学生党整理一些关于数据分析的知识:主要整理了一些matplotlib.pyplot库的绘制图像的函数(基础)。包括了绘制折线图、子图操作、柱状图、条形图、盒图及一些细节处理。
import pandas as pd
import numpy as np
import matplotlib.pyplot as plt
单条折线图
plt.plot(data_figure1['year'],data_figure1['x1']) #画图
plt.xticks(rotation = 0) #x轴旋转角度
plt.xlabel('Year') #x轴标签
plt.ylabel('x1') #y轴标签
plt.title('data GDP') #标题
plt.show() #显示
data_figure2 = data[['year','x2','x3']]
fig = plt.figure()
plt.plot(data_figure2['year'],data_figure2['x2'],c = 'red')
plt.plot(data_figure2['year'],data_figure2['x3'],c = 'blue')
plt.show()
data_figure3 = data[['year','x2','x3','x7','y','x11']]
colors = ['red','blue','green','orange','black']

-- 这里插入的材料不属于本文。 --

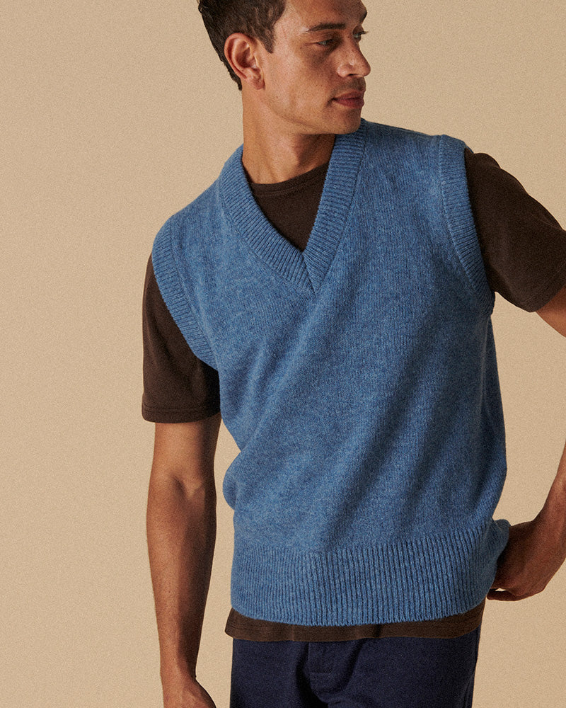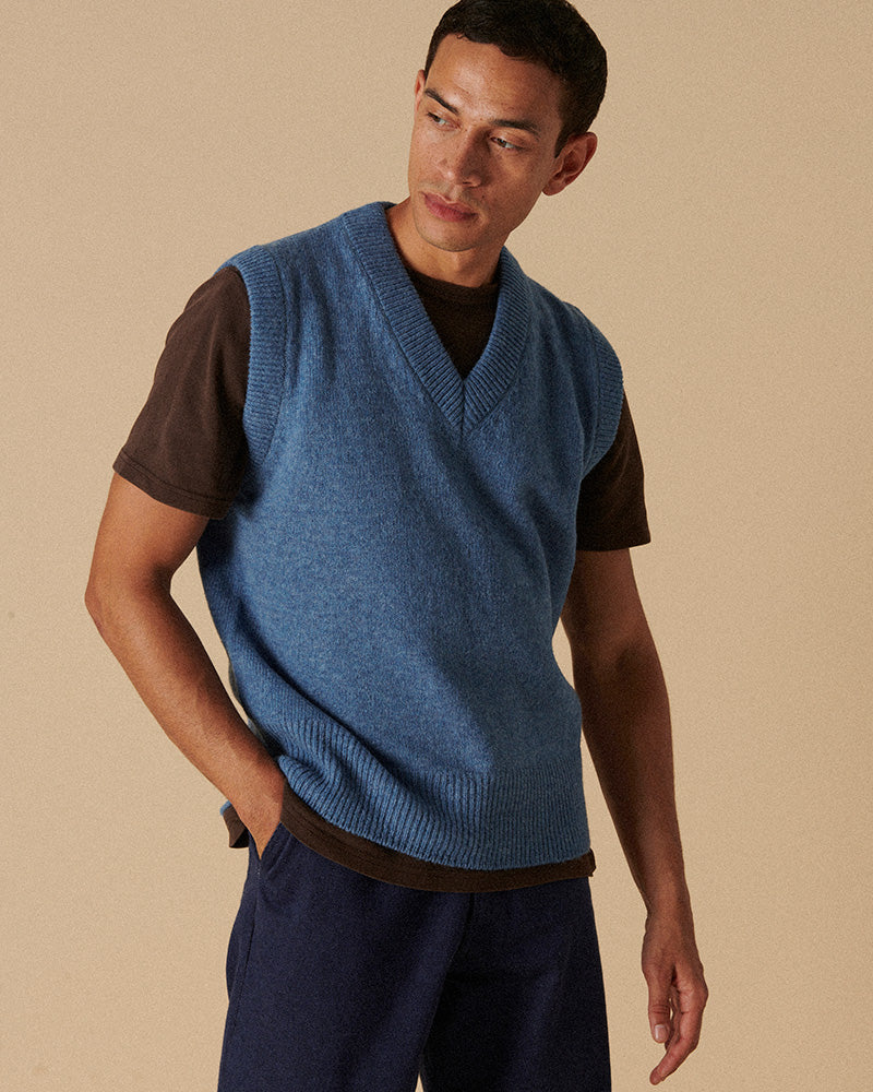 Our interpretation of the classic sleeveless V-Neck has an easy-wearing fit. We've used a partially brushed 100% wool with a melange weave the combines different colour yarns for a real depth of texture and colour.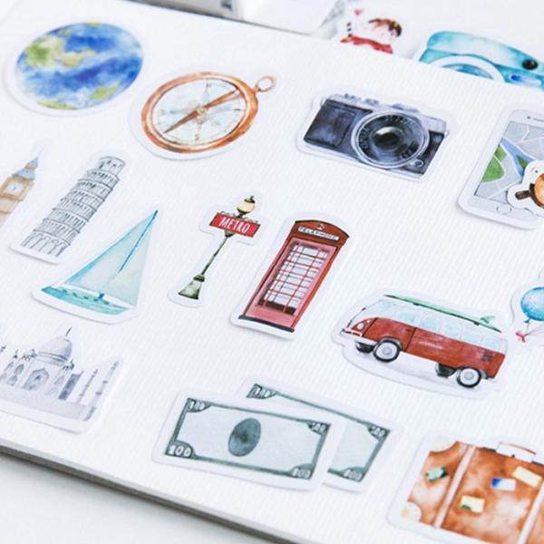 46枚 シール 旅 旅行 イラスト アンティーク ビンテージ デコステッカー アンティーク調 コラージュ レトロ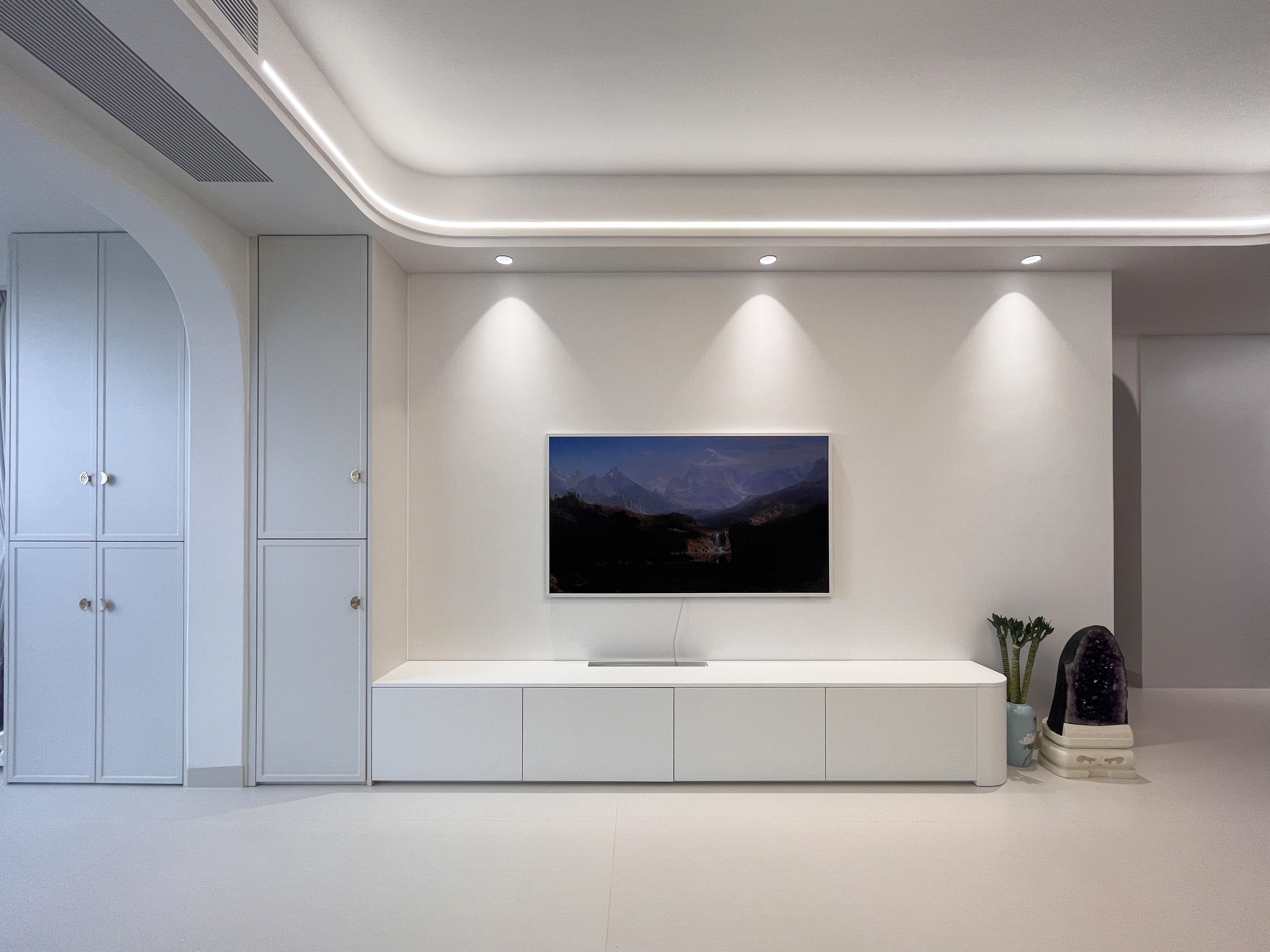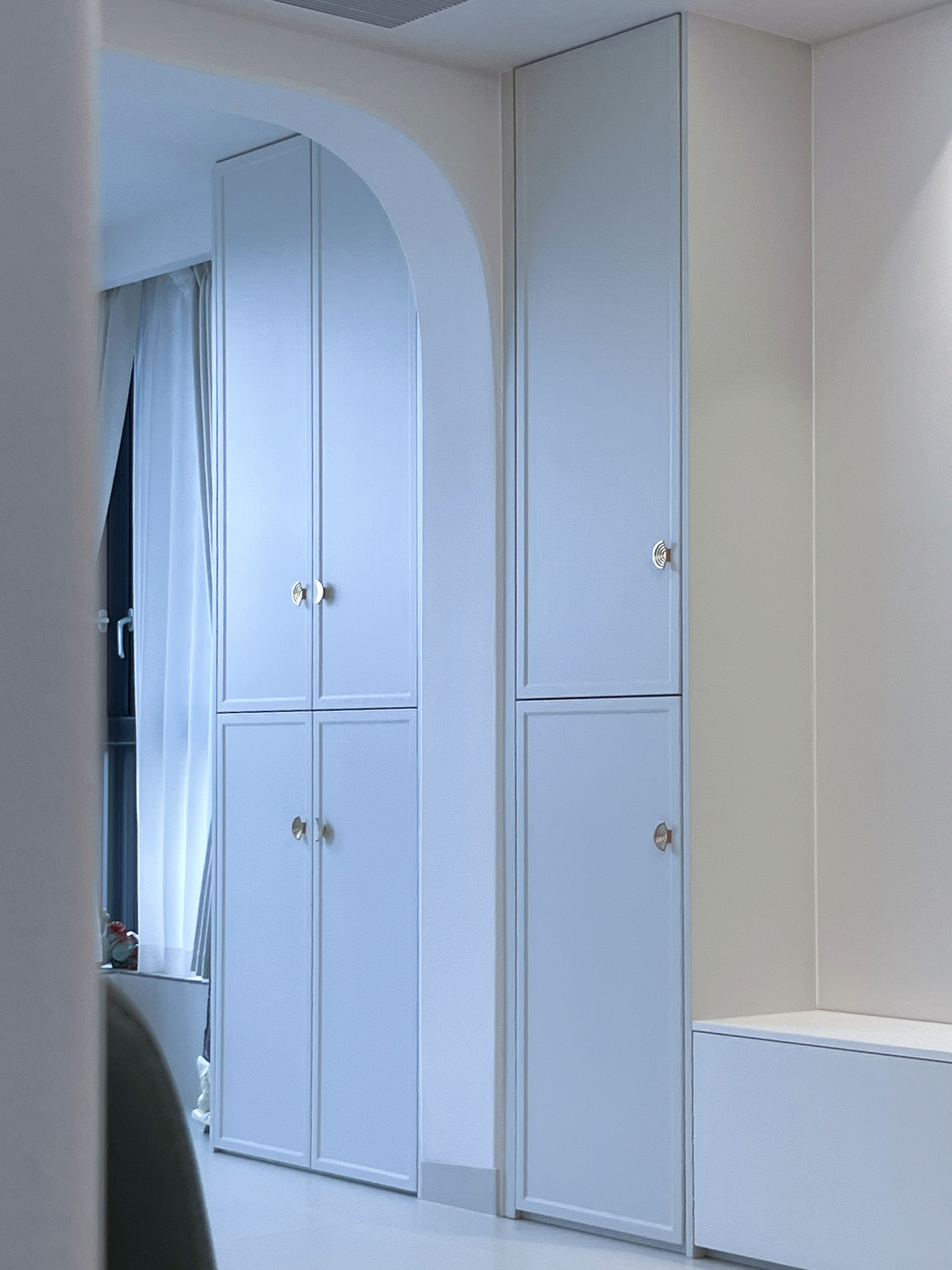 主臥的柜子顏色選擇也依然采用白色,整體的造型都是精心設計的成果落地,高質感把手像是一面精致柜門的點睛,構造出了一排精致簡約的柜子。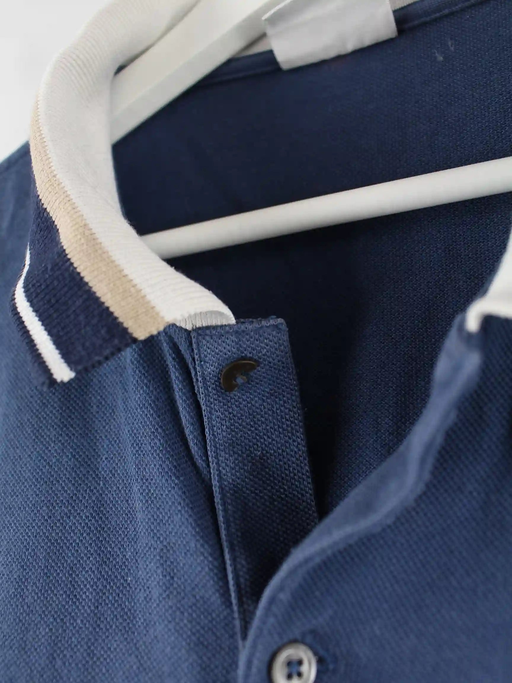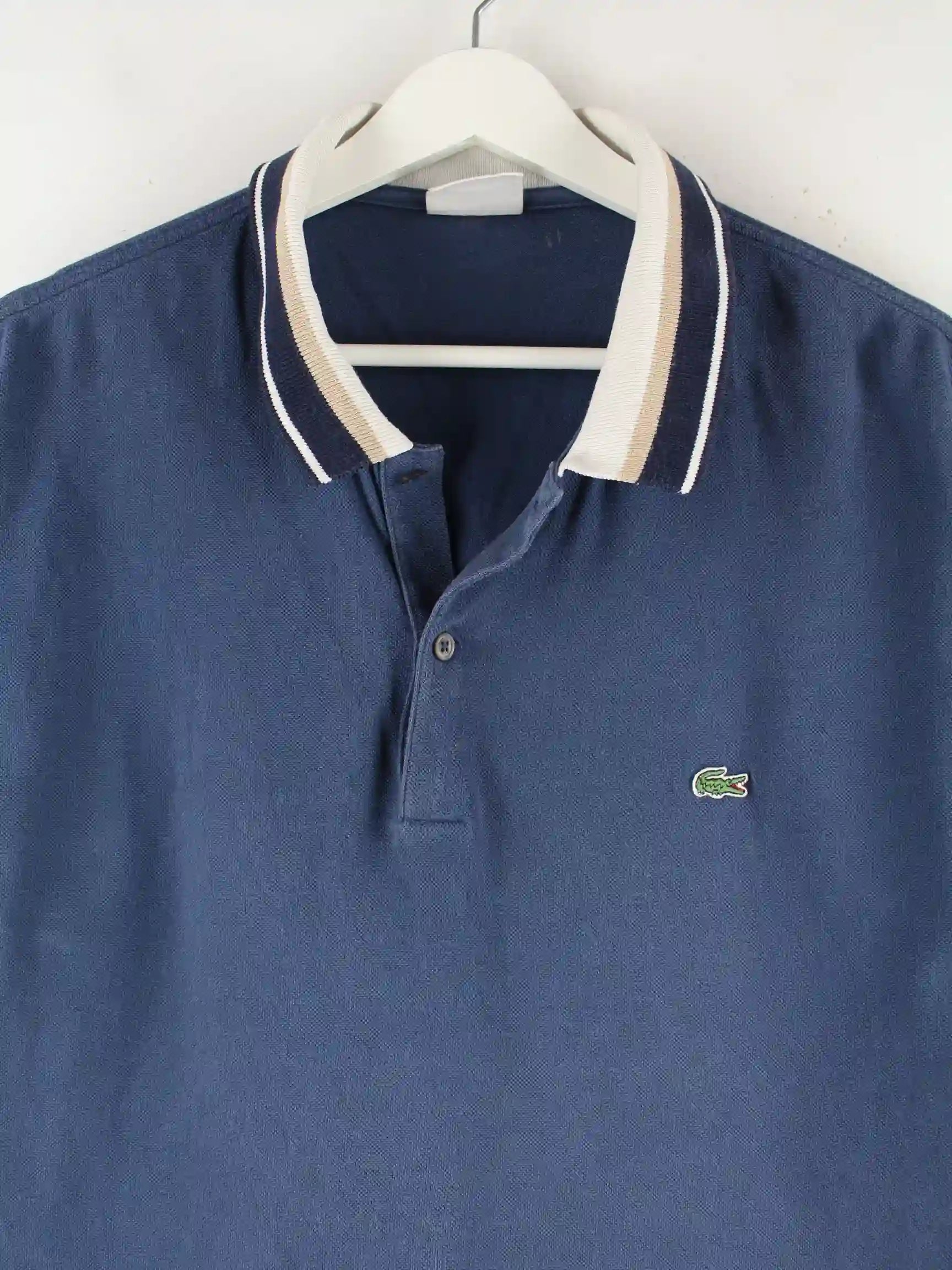 Blaues Poloshirt vom Brand Lacoste in Größe XL. Es ist aus Baumwolle gefertigt und in gutem Zustand im Bestand.

plt.plot(data_figure3['year'],data_figure3['x2'],c = colors[0],label = 'x2')
plt.plot(data_figure3['year'],data_figure3['x3'],c = colors[1],label = 'x3')
plt.plot(data_figure3['year'],data_figure3['x7'],c = colors[2],label = 'x7')
plt.plot(data_figure3['year'],data_figure3['y'],c = colors[3],label = 'y')
plt.plot(data_figure3['year'],data_figure3['x11'],c = colors[4],label = 'x11')
plt.legend(loc = 'best') #添加图例 loc = 图例位置 best可以放置在最好的位置
plt.show()
#子图操作
fig = plt.figure()
ax1 = fig.add_subplot(2,2,1)
ax2 = fig.add_subplot(2,2,2)
ax3 = fig.add_subplot(2,2,3)
ax4 = fig.add_subplot(2,2,4)
plt.show()
fig = plt.figure(figsize=(3,3)) #(长,宽)
ax1 = fig.add_subplot(2,1,1)
ax2 = fig.add_subplot(2,1,2)
ax1.plot(np.random.randint(1,5,5),np.arange(5))
ax2.plot(np.arange(10)*3,np.arange(10))
plt.show()
条形图分为横向条形图和纵向条形图
#竖向
from numpy import arange
bar_heights = data_figure1
bar_positions = arange(len(bar_heights['x1']))+1
fig, ax = plt.subplots()
ax.bar(bar_positions,bar_heights['x1'].values,0.5) #0.5表示宽度
#x轴显示对应年份
ax.set_xticks(range(1,21))
ax.set_xticklabels(bar_heights['year'].values)
plt.show()
#横向
bar_heights = data_figure1
bar_positions = arange(len(bar_heights['x1']))+1
fig, ax = plt.subplots()
ax.barh(bar_positions,bar_heights['x1'].values,0.5) #0.5表示宽度 横向
#x轴显示对应年份
ax.set_yticks(range(1,21))
ax.set_yticklabels(bar_heights['year'].values)
plt.show()
#横向和纵向的区别为 bar为纵向 barh为横向
all_county = pd.read_csv('all_county.csv')
fig, ax = plt.subplots()
ax.scatter(all_county['longitude'],all_county['latitude'])
ax.set_xlabel('longitude')
ax.set_xlabel('latitude')
plt.show()
#子图
fig = plt.figure()
ax1 = fig.add_subplot(1,2,1)
ax2 = fig.add_subplot(1,2,2)
ax1.scatter(all_county['longitude'],all_county['latitude'])
ax1.set_xlabel('longitude')
ax1.set_xlabel('latitude')
ax2.scatter(all_county['longitude'],all_county['latitude'])
ax2.set_xlabel('longitude')
ax2.set_xlabel('latitude')
plt.show()
bins = 柱的个数,不添加bins参数时系统默认设置合适的数量
fig, ax = plt.subplots()
ax.hist(data_figure1['x1'])
ax.hist(data_figure1['x1'],bins = 20)
plt.show()
#盒图
fig, ax = plt.subplots()
ax.boxplot(data_figure1['x1'])
ax.set_xticklabels(['x1'])
plt.show()
fig, ax = plt.subplots()
x = ['x1','x2','x3','x4']
ax.boxplot(data[x])
ax.set_xticklabels(x)
plt.show()
#rgb设置颜色属性
color_1 = (0/255,107/255,164/255)
#可视化图片可以去掉边框线,刻度等
#在图上做标记
fig, ax = plt.subplots()
ax.plot(data_figure1['year'],data_figure1['x1'],c = color_1) #画图
ax.xlabel('Year') #x轴标签
ax.ylabel('x1') #y轴标签
ax.title('data GDP') #标题
ax.tick_params(bottom = False,top = False,left = False,right = False) #去除标线
ax.text(2000,4453911,'GDP') #在指定位置标记GDP
plt.show() #显示
matplotlib.pyplot绘图较为简单,之后会增加seaborn库绘图。